The causes of left axis deviation include: normal variant, left anterior fascicular block,
left ventricular hypertrophy, left bundle branch block etc.
 
Right Axis Deviation
If the QRS is predominantly negative in lead I and positive in lead aVF, then the axis is between +90 ̊ to 180 ̊ and it is considered right axis deviation. The causes of right axis deviation include normal variant, right bundle branch block, right ventricular hypertrophy, left posterior fascicular block etc.
 
Indeterminate Axis
If the QRS is predominantly negative in lead I and lead aVF, then the axis is indeterminate or “northwestern axis.” This finding is uncommon and usually from ventricular rhythms and can also occur in paced rhythms and certain congenital heart diseases.

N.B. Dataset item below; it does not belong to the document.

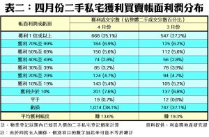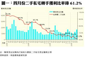 另外,數據顯示今年四月份每宗私宅轉手個案平均賺幅只得13.6%(見圖二) ,單月再挫5.7個百分點,連跌兩月兼創自2009年七月以來的190個月(即接近16年)新低。帳面獲利1倍或以上的轉手個案佔整體二手私宅買賣比例達25.1%,按月跌2.1個百分點,錄668宗;至於帳面錄得虧損者達1,014宗,佔比按月增加1個百分點,至38.1%,為2009年二月以來195個月(即逾16年)最高;至於上月平手的個案有19宗,佔比微升0.1個百分點至0.7%。

Upcoming Events and Conferences


Dinner Symposium on 21st Feb 2019
 
HKSEMS Dinner Symposium will be held on Feb 21, 2019. Dr. James Winearls, an intensivist from Gold Coast University Hospital in Australia, will present an innovative topic on Thromboelastometry (TEM) Guided Therapy on Trauma Coagulopathy, followed by dinner gathering in Sheraton Hotel (TST). Due to enthusiastic response, seats are all full now!! Educational dinner symposium will be held regularly for our members, please keep track of our website and email notice!!

 
The Shenzhen-Hong Kong Emergency Medicine Conference 2019

The Shenzhen-Hong Kong Emergency Medicine Conference 2019 will be held in Shenzhen 北大深圳醫院 from 25/5/2019- 26/5/2019. There will be 1 plenary and 8 scientific tracts involving 61 speakers covering various innovative topics and updates in Emergency Medicine, it is a really precious chance to join and exchange ideas with our Mainland counterparts!! Please mark your calendar! 
Details will be announced later!

 
Asian Conference on Emergency Medicine (ACEM) 2021

The 11th ACEM organized by HKSEMS will be held on 17th to 19th December 2021. Please save the date, and see you on this big day!!